Нам дорого стоил вчерашний бой. Только убитыми я потеряла четверть экипажа, еще несколько человек наверняка умерли этой ночью. Из Моррисона лекарь так себе, и от меня мало проку, а больше и нет никого. Много раненых, трудно распределять вахты. Впервые я пожалела, что не держу на корабле коз — все-таки молоко раненым очень полезно. Но вот не держу, чтобы не смеялись за спиной. Потому что в детстве меня коза кормила, а не мать, и шуток на эту тему не люблю.

— Тогда вот что, капитан! — Руди выпрямился. — Осмелюсь доложить: там, на Мадагаскаре, фрекен Моник и полковник Бенёвский с кем-то встречались.
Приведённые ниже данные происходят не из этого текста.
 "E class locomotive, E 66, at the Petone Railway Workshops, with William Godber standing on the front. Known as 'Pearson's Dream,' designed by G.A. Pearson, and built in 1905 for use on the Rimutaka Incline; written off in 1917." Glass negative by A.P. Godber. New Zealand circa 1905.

— Интересно! Если, конечно, они не встречались друг с другом, — хотя меня и это интересовало. Меня интересовало все, касавшееся Моник. — Подробнее!
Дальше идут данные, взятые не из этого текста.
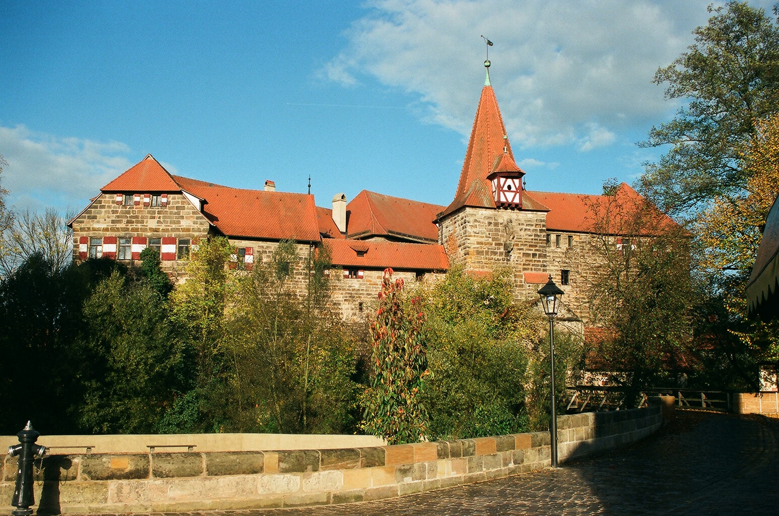 Lauf an der Pegnitz, the castleThis is a photograph of an architectural monument.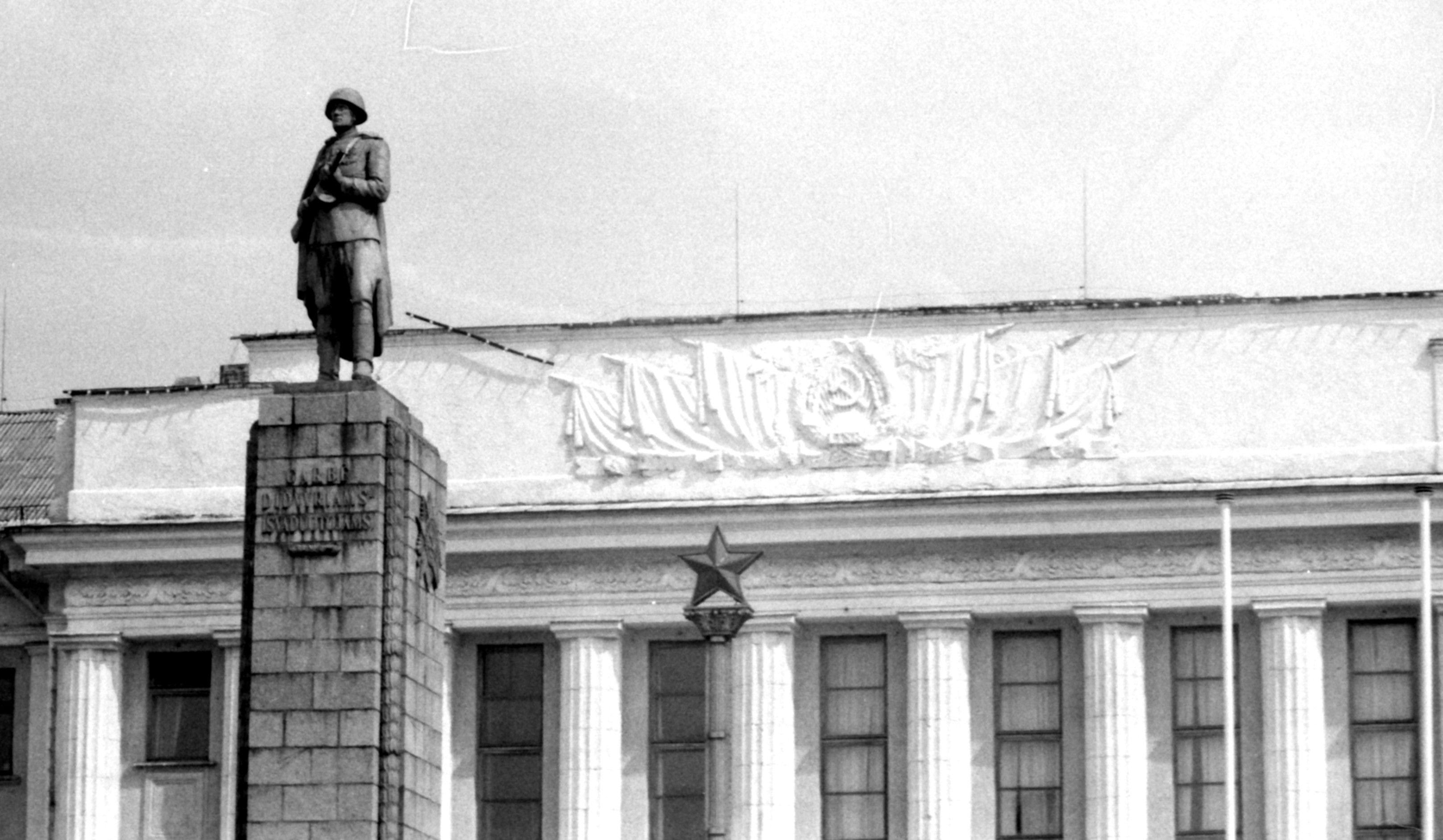 Monument of soviet army in Šiauliai, Lithuania, 1990

— Ну, об этом почти никто не знал. После того, как… Ну, после того, как почти вся команда погибла, мы обогнули остров и стали на якорь в одной бухте. Не смогу ее показать, я не разбираюсь в картографии. Часть экипажа высадилась на берег. Бенёвский послал Устюжина и еще несколько человек обследовать какие-то скалы. В лагере остались только он, фрекен Моник, лейтенант и я. Я готовил ужин на всех. Как только ушла группа Устюжина, полковник и фрекен отправились куда-то в другую сторону, вдоль берега. Их не было, наверное, час. Я не знаю, важно это или нет.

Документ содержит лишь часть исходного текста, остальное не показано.